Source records
__________

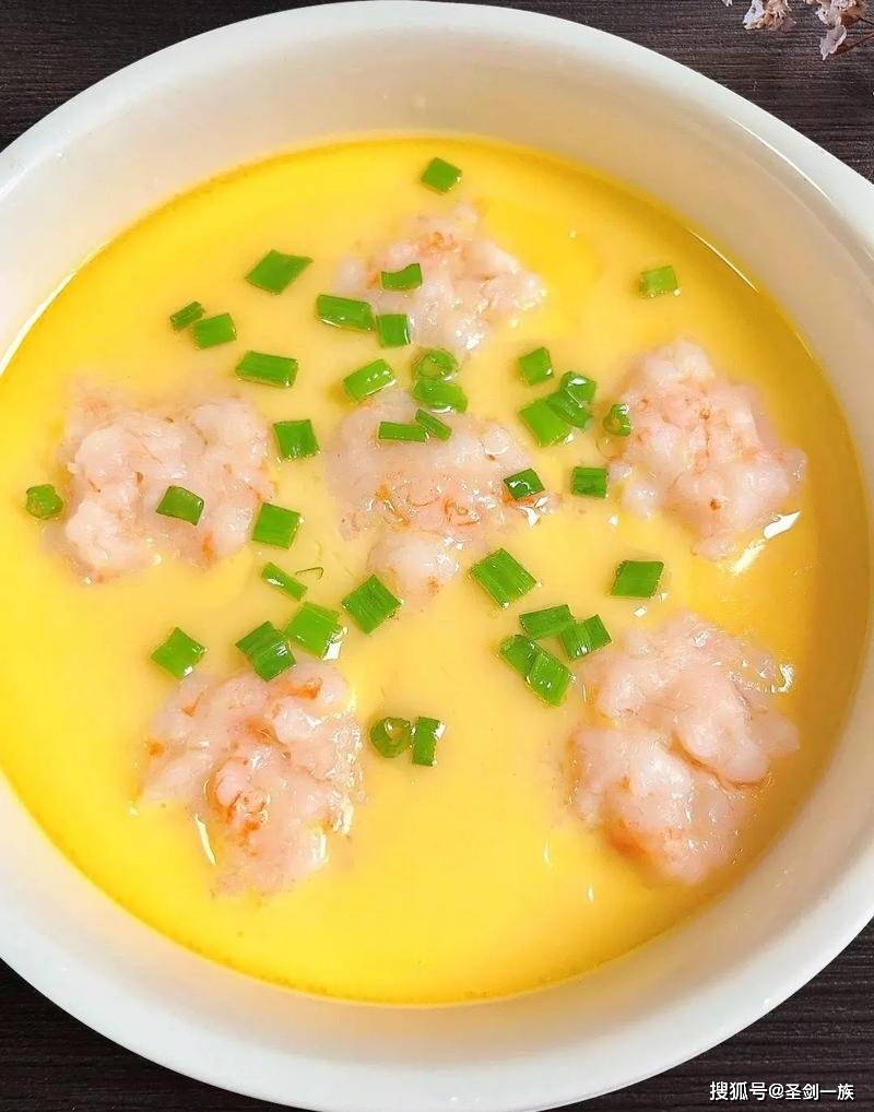 鸡蛋4个、新鲜虾仁100克、葱花少许、盐2克、白胡椒粉1克、香油几滴、海鲜酱油1勺、温水适量
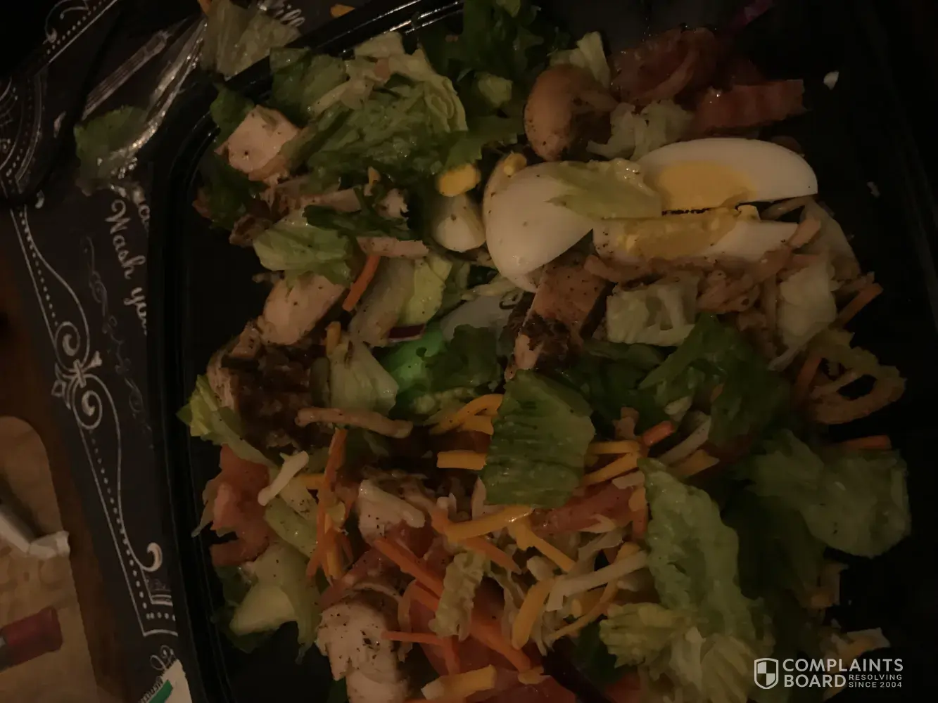 On APRIL 4 @9:30 I called in a takeout order. The order was for a Cobb Salad with Ranch, Order of fried mushrooms, and mild chicken wings with fries. Order came to $21.06 and I did not get anything I ordered. I made the Guy aware of it and he told me to get back in line and he would reimburse me but the line was full and it was getting Late and the Lobby was closed.
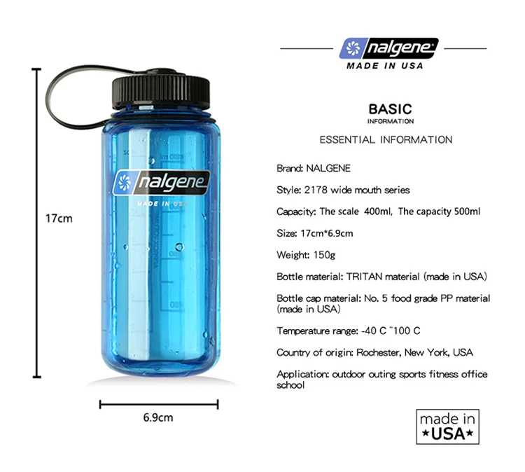 Бренд: NALGENE Емкость: масштаб 400 мл, полная бутылка 500 мл Размер: 17*6,9 см Вес: 150 г Материал бутылки: Тритан (Сделано в США) Материал крышки бутылки: №5 пищевой полипропиленовый материал (Сделано в США) Диапазон температур: -40 ℃ ~ 100 ℃ Страна происхождения: Рочестер, Нью-Йорк, США Применение: прогулки на открытом воздухе, спортивный фитнес, Офисная школа
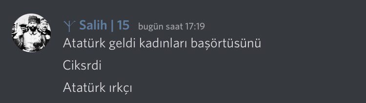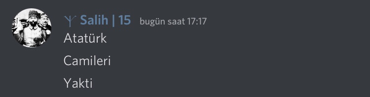 Atatürk’e ciddi hakaretlerde bulunan bir arkadaşı biz şikayet etmiştik. Herif çizgiyi o kadar aştı ki içimizden “seninle uğraşmayanın (…)” diyorduk, ardından şikayette bulunduk ve şikayette bulunan arkadaşımızın telefonuna işlem başlatılmıştır diye bilgilendirme mesajı gelmiş söylediğine göre. Bilmiyorum kim ilgileniyor ama yaşadığımı anlatıyorum. Hatta aşağıda vereyim çocuğun ithamlarını, gerçekten tiksindirici şeyler yapmayın bunları.Selam, Discord'da ağır sövüştüğüm biri sanaldan CİMER'e şikayette bulundu, CİMER bu tarz şikayetleri pek dikkate alıyor mu?
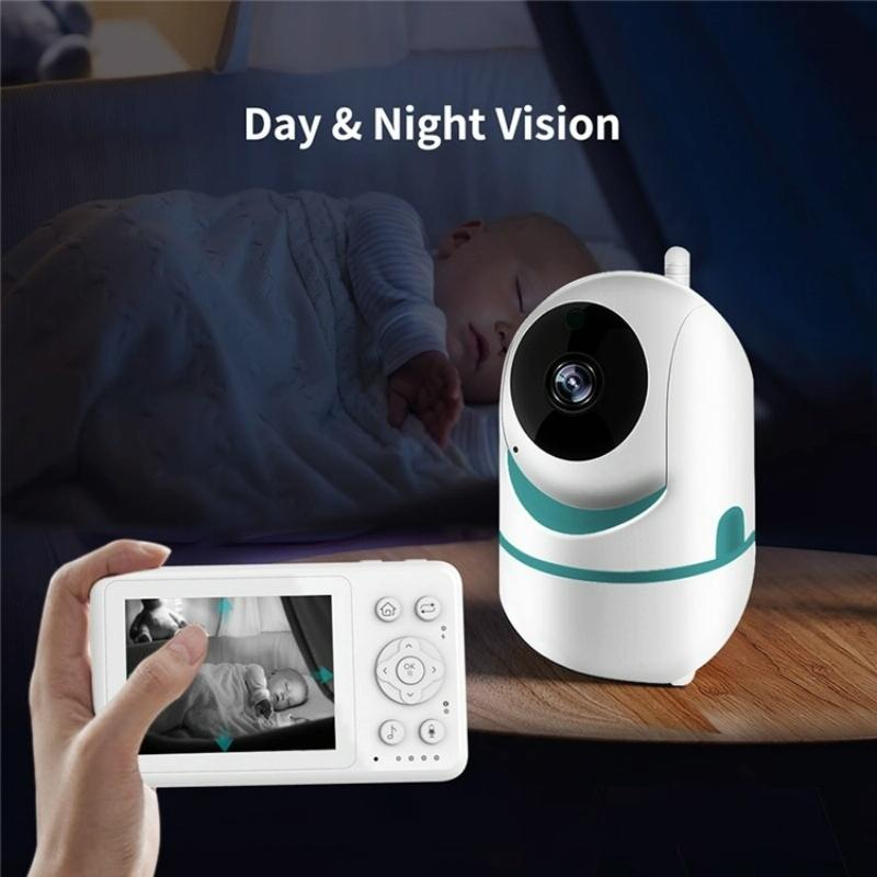 Le Babyphone Camera dispose d'un écran LCD de 3.2 pouces avec une résolution de 320x240. La vision nocturne permet une surveillance continue même dans l'obscurité, avec une portée de 3 à 5 mètres.

__________

§ **What you will do**: From top to bottom, restate the records above exactly and omit every picture.

§ **Result of this task**:
 鸡蛋4个、新鲜虾仁100克、葱花少许、盐2克、白胡椒粉1克、香油几滴、海鲜酱油1勺、温水适量
 On APRIL 4 @9:30 I called in a takeout order. The order was for a Cobb Salad with Ranch, Order of fried mushrooms, and mild chicken wings with fries. Order came to $21.06 and I did not get anything I ordered. I made the Guy aware of it and he told me to get back in line and he would reimburse me but the line was full and it was getting Late and the Lobby was closed.
 Бренд: NALGENE Емкость: масштаб 400 мл, полная бутылка 500 мл Размер: 17*6,9 см Вес: 150 г Материал бутылки: Тритан (Сделано в США) Материал крышки бутылки: №5 пищевой полипропиленовый материал (Сделано в США) Диапазон температур: -40 ℃ ~ 100 ℃ Страна происхождения: Рочестер, Нью-Йорк, США Применение: прогулки на открытом воздухе, спортивный фитнес, Офисная школа
 Atatürk’e ciddi hakaretlerde bulunan bir arkadaşı biz şikayet etmiştik. Herif çizgiyi o kadar aştı ki içimizden “seninle uğraşmayanın (…)” diyorduk, ardından şikayette bulunduk ve şikayette bulunan arkadaşımızın telefonuna işlem başlatılmıştır diye bilgilendirme mesajı gelmiş söylediğine göre. Bilmiyorum kim ilgileniyor ama yaşadığımı anlatıyorum. Hatta aşağıda vereyim çocuğun ithamlarını, gerçekten tiksindirici şeyler yapmayın bunları.Selam, Discord'da ağır sövüştüğüm biri sanaldan CİMER'e şikayette bulundu, CİMER bu tarz şikayetleri pek dikkate alıyor mu?
 Le Babyphone Camera dispose d'un écran LCD de 3.2 pouces avec une résolution de 320x240. La vision nocturne permet une surveillance continue même dans l'obscurité, avec une portée de 3 à 5 mètres.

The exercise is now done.